Intuitively Jan became aware of most of these things. But even where he detected Bill at fault, he could not trounce the ex-leader as he trounced the other dogs, because he and Bill knew very well that there could be no sparring, no such lightsome thing as mere chastisement, between them. There was war to the death in Bill’s snarl when Jan so much as looked at him. He was perfectly certain he could, and would, kill Jan directly a suitable opportunity offered. Jan was not so sure about that; but he did know very well that he was not capable of just thrashing Bill and letting it go at that; for over and above Bill’s unbeaten prowess as a fighter and master dog there was a mortal hatred in him where Jan was concerned—a hatred which, weighed as a fighting asset, was almost equivalent to a second set of fangs.
And then came the memorable evening upon which Jean killed a bull-moose and all the team fed full—except Bill.
THE FEAST AND THE FASTER
Jean and Jake were not out on a hunting expedition, and if it had involved hunting, the probabilities are Jean would never have bagged that bull-moose. But it happened that, when his sharp eyes sighted the moose in mid-afternoon, the poor beast had just managed to break one of its forelegs in a deep hole masked by snow. It was practically a sitting shot for Jean, and that at a range which made missing impossible for such a man.
The dogs were wild with excitement, but fortunately they were still in the traces and anchored to a laden sled. In spite of this there was something of a stampede among them until Jean made it clear that he meant the team to remain in harness for the present. Then the masters’ whips, backed by policeman Jan’s remorseless fangs, soon had order re-established. And this was as well, for at that particular juncture Jean and Jake were traveling fairly light, and a strong team can quickly work serious damage by stampeding among trees with a light sled.
When Jean had examined the moose, he decided to avail himself of the magnificent supply of fresh food it offered, and to carry on as large a share of the meat when frozen as the sled would take. To this end he and Jake decided to camp for the night at a spot no more than a few hundred paces away from the dead moose.

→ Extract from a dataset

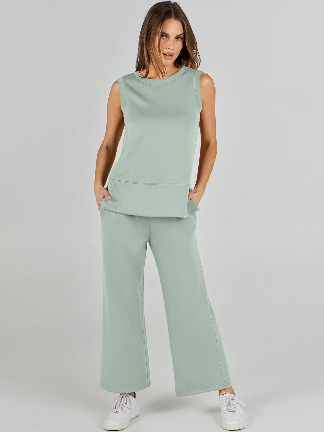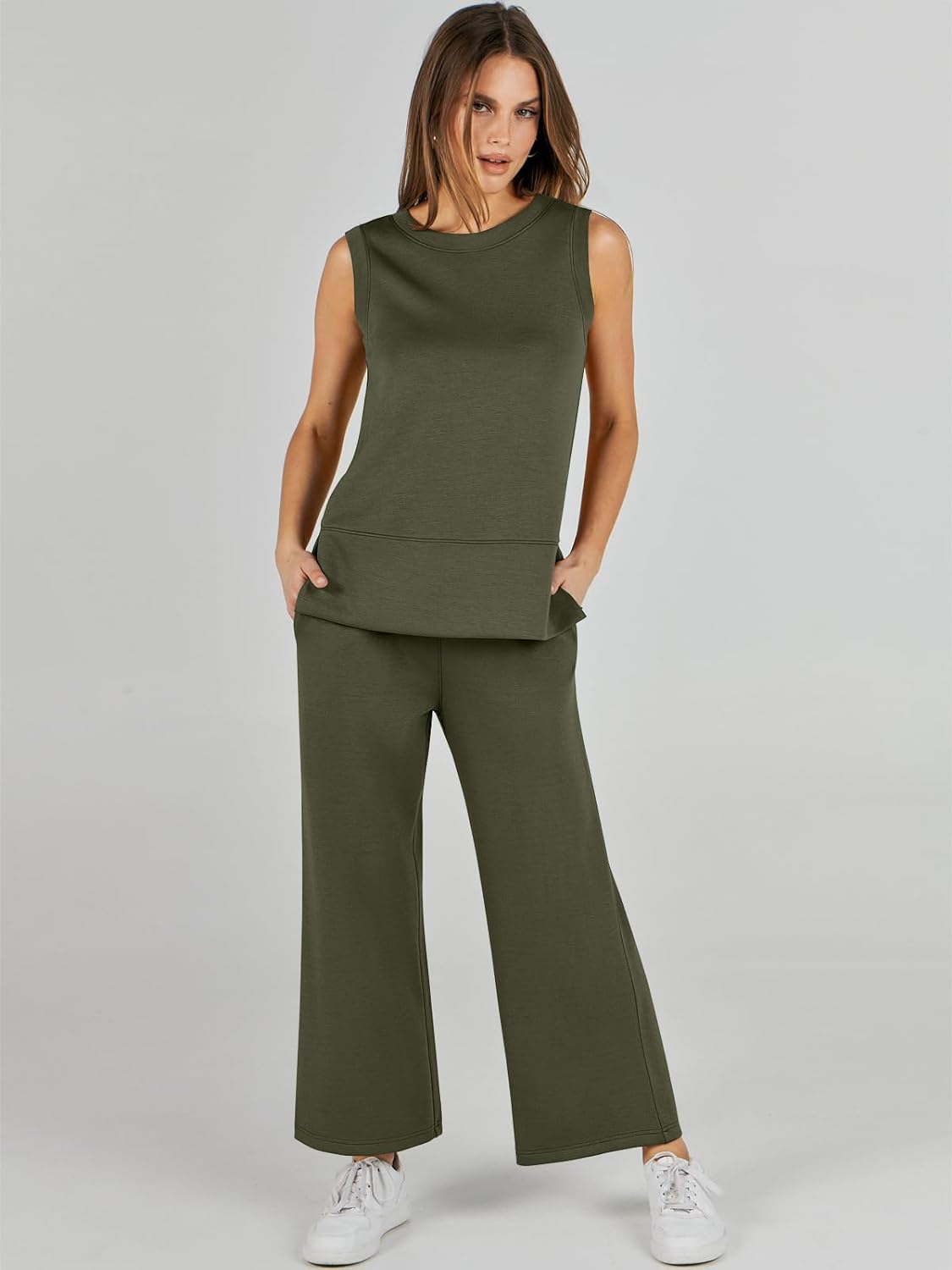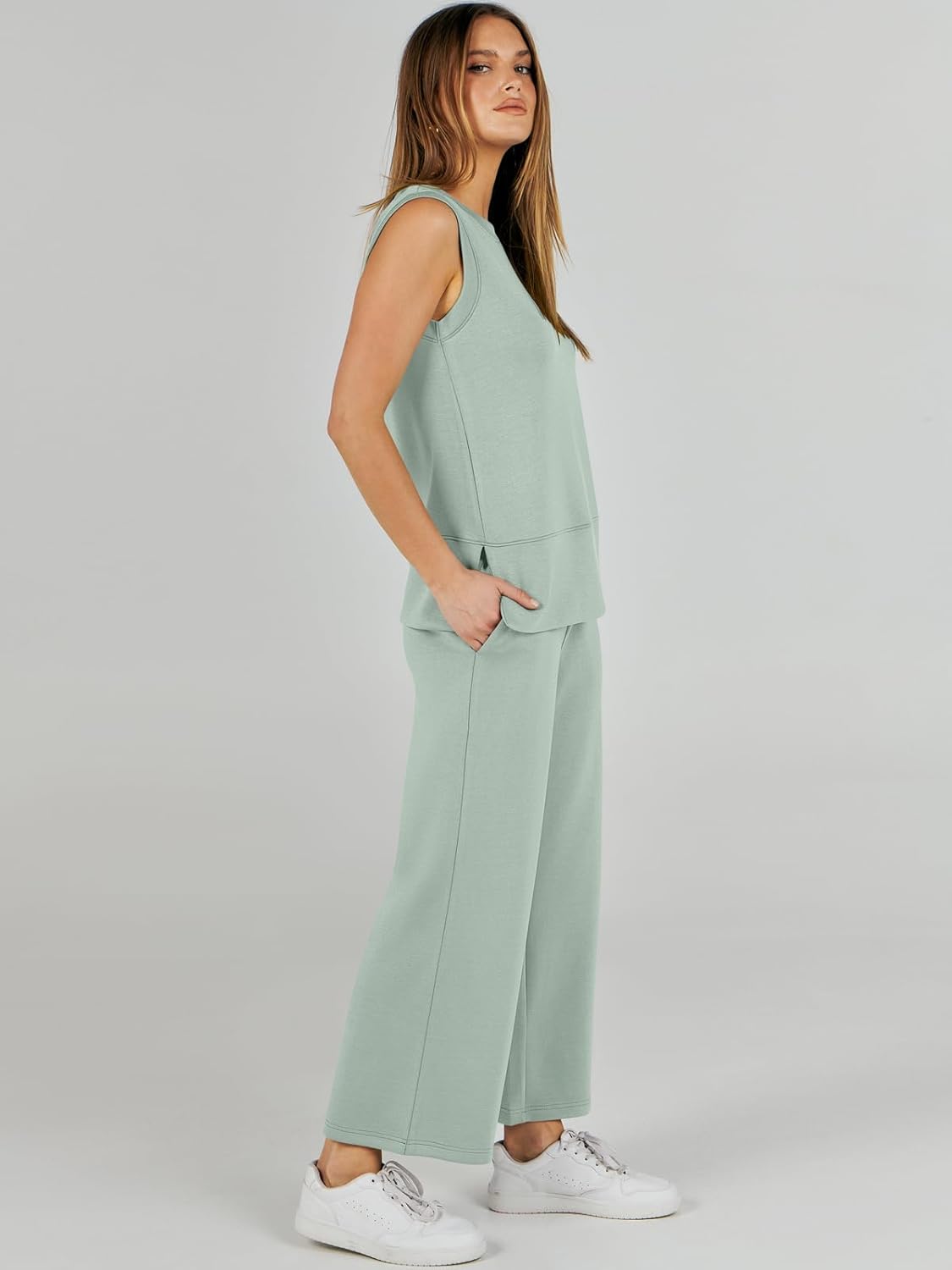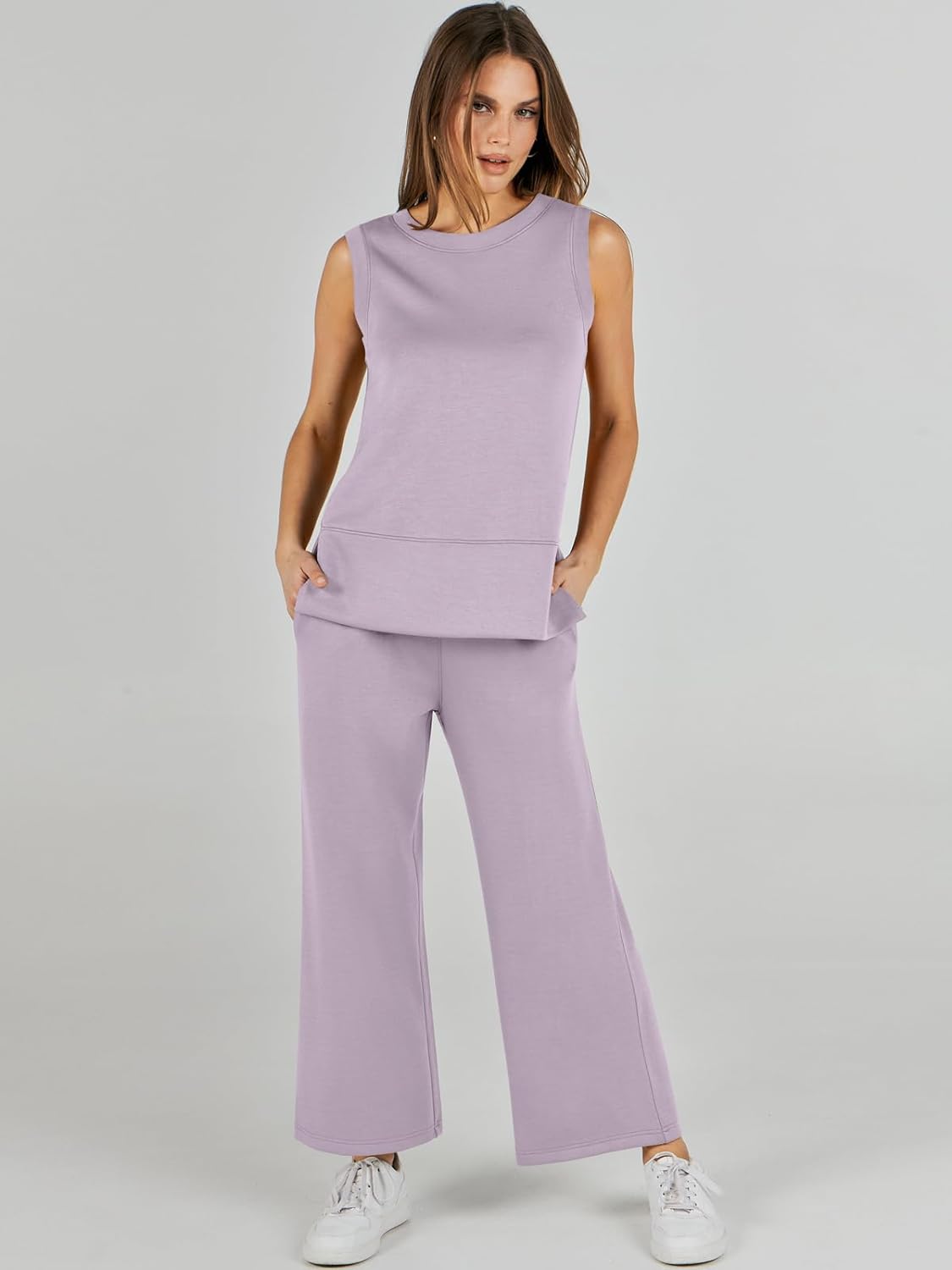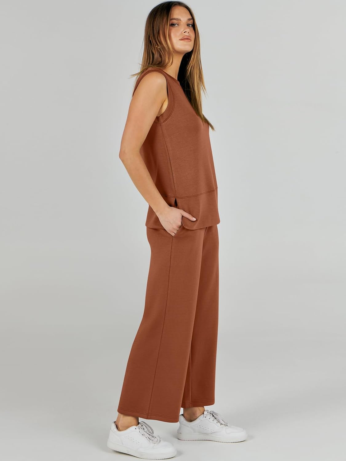Women's 2 Piece Sets Summer Outfits Sleeveless Wide Leg Tracksuits Casual Sweat Sets Lounge Sweatsuits

The dogs were too much excited to lie down in their traces. (It was many weeks since any of them had tasted fresh meat, and though dried salmon makes an excellent working dietary, it is, of course, a very different thing from fresh meat with blood in it.) So they stood and sat erect, with parted jaws all drooling, while Jean and Jake set to work with their long knives on the great carcass.
The cutting up of a full-grown moose is no light task, and darkness had fallen before the two men had finished stowing away all the heavy frozen strips of moose-meat the sled could carry. Then, having removed the choicest portions for their own use for that night and the next day, Jean and Jake set to work to loose the dogs that they might tackle their banquet. Jean knew the eight of them could give a pretty good account of the remains on the skeleton.